チヨダ、創業90周年を迎える
株式会社チヨダが2023年、創業90周年を迎えました。最初の店舗は、1936年に東京の高円寺でオープンした「チヨダ靴店」です。時が経つにつれ、チヨダは「東京靴流通センター」や「シュープラザ」といった名称で全国に約860店舗を展開する一大靴専門店チェーンへと成長しました。「お客様の生活を足もとから応援する」という理念を持ちながら、今後の100周年に向けた新たな挑戦にも意欲を示しています。
90年間の進化の軌跡
チヨダの創業者である舟橋義雄のリーダーシップのもと、靴業界に足を踏み入れた後、創業者の子息である舟橋政男が大学在学中に業務を引き継ぎました。彼は自身の成長のために独学で陳列や販売を学び、商売の魅力を実感しながら、積極的に新しい店舗を開店し続けました。
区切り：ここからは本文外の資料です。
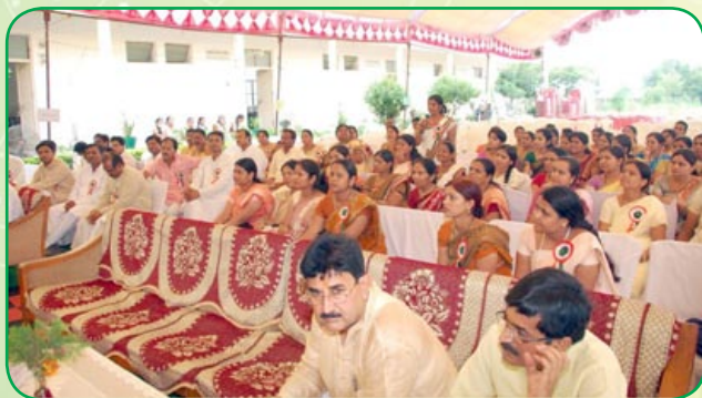
Hon'ble guests &amp; Audience are witnessing cultural programmes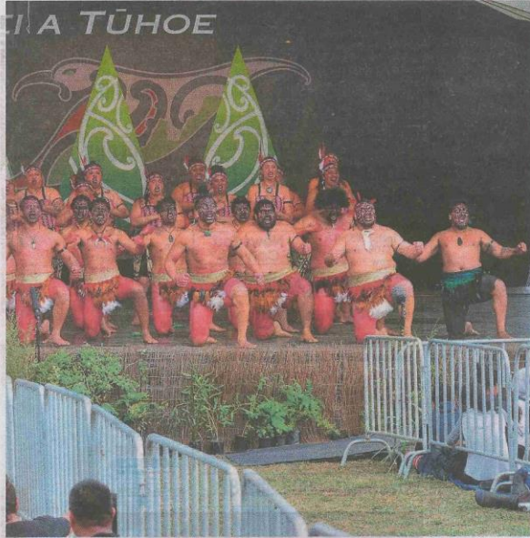
IN SYNC: Tuhoe ki Kawerau perform at Te Ahurei a Tuhoe festival on the weekend. D3459-149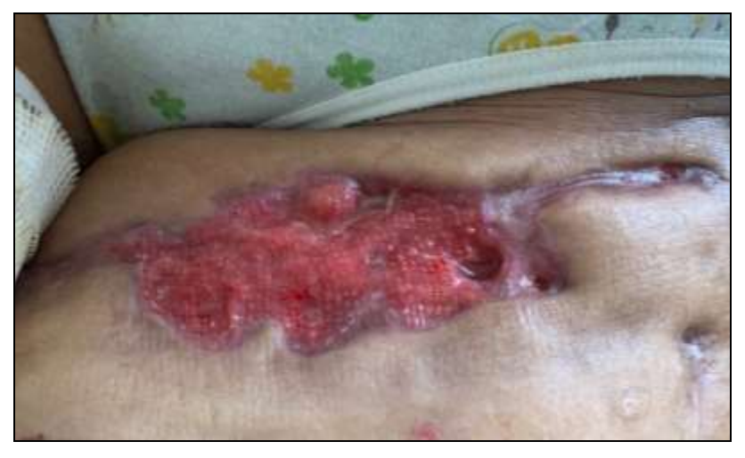
Fig 6: Fifty days after the intervention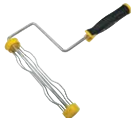
47411 9" 5-wire Pro Roller Cage Frame, soft grip handle Durable 5 wire design reduces roller cover walk off. Overmolded plastic handle for comfort during use, and acme thread included for use on paint poles.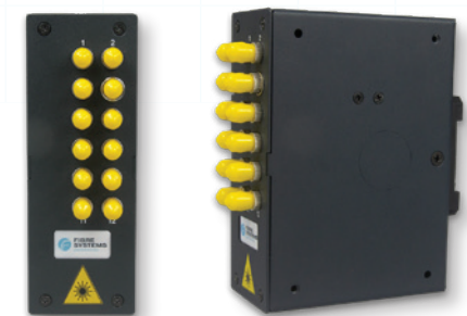
Compact DIN Loaded with ST Singlemode Adapters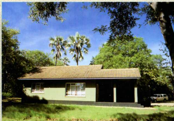
One of Zambezi National Park's Lodges.

only during the dry season between 1st May and 31st October. Kandahar is open throughout the year. Exclusive bookings may be made for a party of up to ten persons. Facilities consist of a flush toilet and cold shower, tap water, a sleeping shelter (with low side walls at Kandahar), cement table with bench and braai unit. Firewood can be purchased at the reception office but, as supplies are limited, it is recommended that visitors bring their own means of cooking. These areas are not serviced and visitors are requested to leave the camps in a clean and orderly condition. Power boating is permitted above Kandahar Island and limited to two boats per camp. Fishing by boat is excellent in these areas.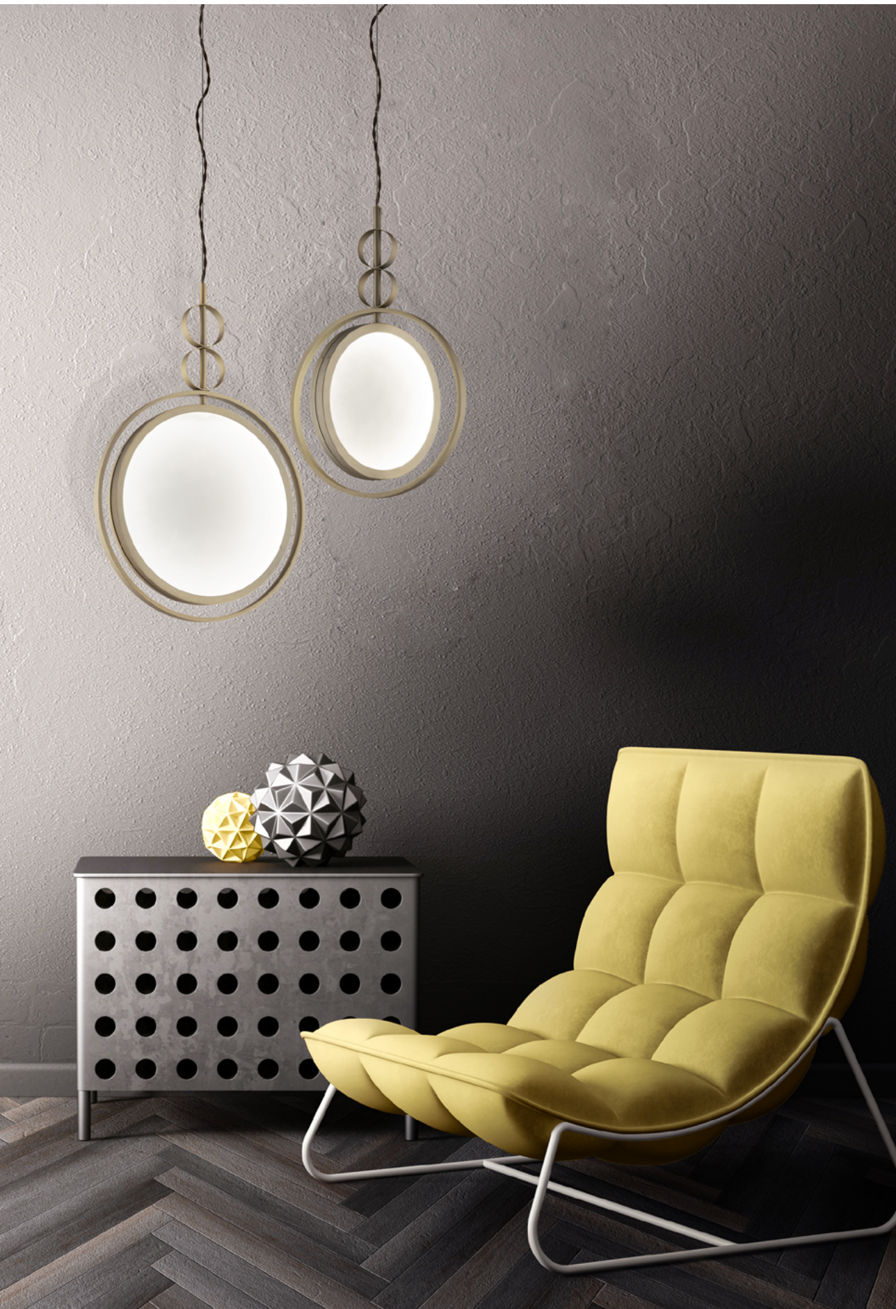
Girasole 40 | 30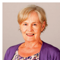
Deputy Convener Mary Scanlon Scottish Conservative and Unionist Party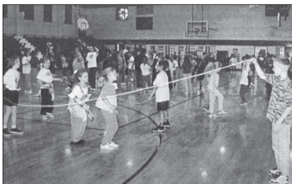
As an elementary school in 1993, students participated in Jump Rope for Heart in what is now the Ray Meyer Gym.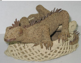
Lizards By Erryl White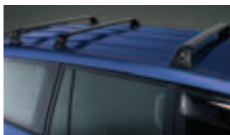
AERO ROOF RACKS (3 BAR SET SHOWN) Available on Standard and GX models only (Non Roof Rail only)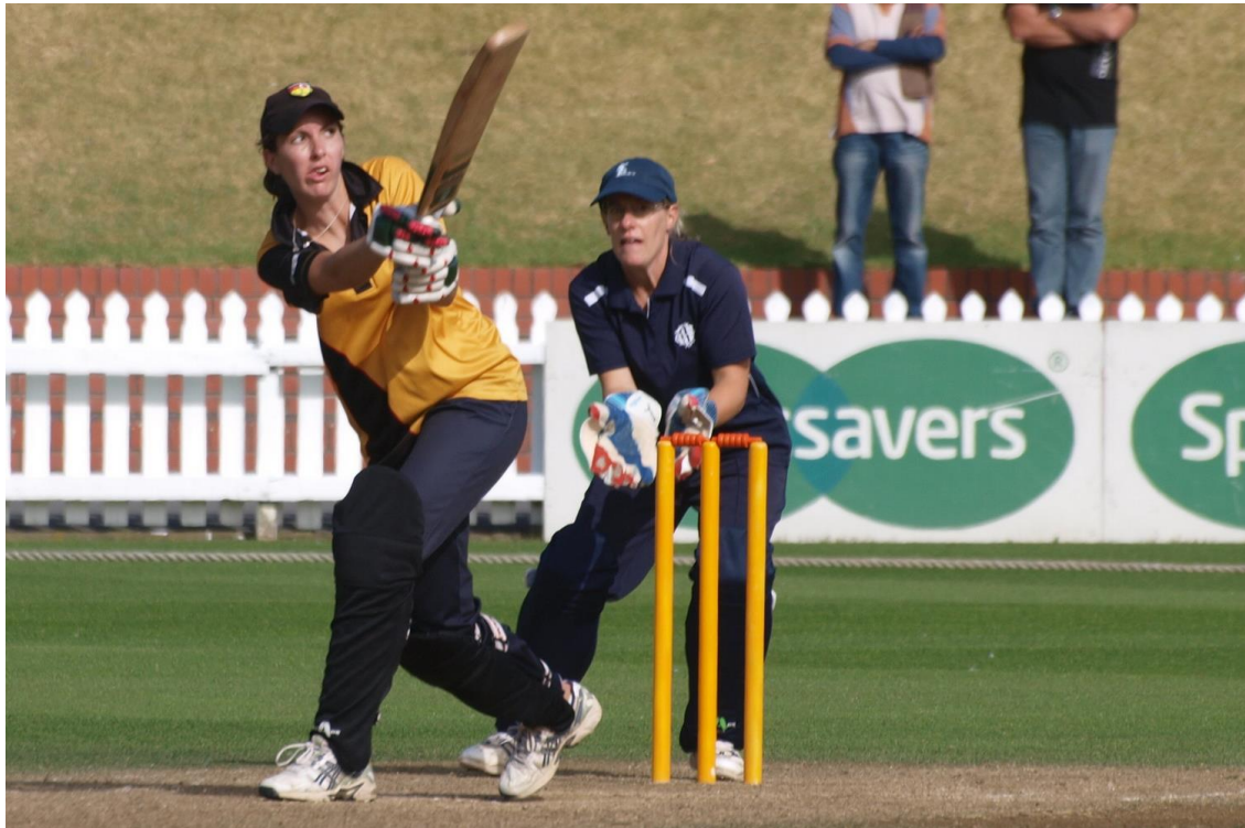
Collegians chasing down the total in the final at the Basin Reserve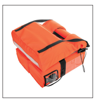
Compact storage size 30 x 34 x 24cm(LxWxH)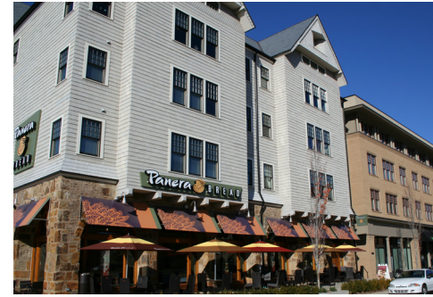
Plan > Vision > Built Mixed-use building on Market Square with ground floor retail and student apartments above.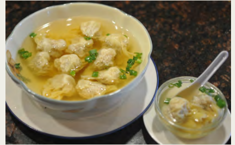
鮮蝦餛飩湯 Pork & Shrimp Won Ton Soup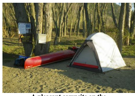
A pleasant campsite on the Upper Connecticut River

Please note that these bootleg trips are not official RICKA trips. They are posted for the convenience of our paddlers. As always, you are responsible for determining if the trip is suitable for your level of experience.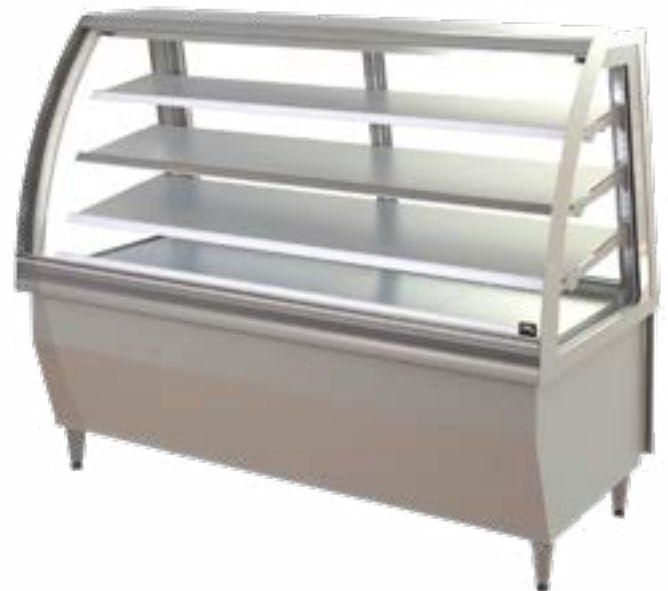
Showing : Inline 5000 Series controlled ambient 1800mm curved freestanding tilt front with integral refrigeration

1970年代にはロードサイド店舗の展開を強化し、全国規模のチェーン展開に成功しました。
1980年代には収益が低迷する一部店舗を他業態へ転換することで再生を模索し、玩具専門店「ハローマック」を展開しました。この成功により一時472店舗を持つまでになりますが、1990年代には郊外型ショップへも注力し、靴だけでなくアパレル業界にも進出しました。しかし、環境の変化に伴い、玩具やアパレル事業からの撤退も決意し、全従業員を靴事業に配置転換するという社会的責任を果たしました。
未来への Vision
チヨダは靴業界での原点を大切にしており、より良い製品を顧客に提供することに尽力しています。全国の店舗に加え、公式オンラインショップ「kutsu.com」などでも展開を進めており、実店舗とオンラインの利便性を融合させた購買体験を構築しています。メーカーとして店頭での試着とオンライン購入の利便性を高め、顧客に寄り添ったサービスの提供を目指しているのです。
プライベートブランドの開発
チヨダはお客様のフィードバックを基に、機能性やデザイン性を追求したプライベートブランドの開発にも取り組んでいます。具体的には、以下のブランドを展開しています:
- - HYDRO-TECH:防水性や防滑性を兼ね備えた高機能シューズ。
- - bio fitter:全世代向けにデザインされた、家族の健康を意識した靴。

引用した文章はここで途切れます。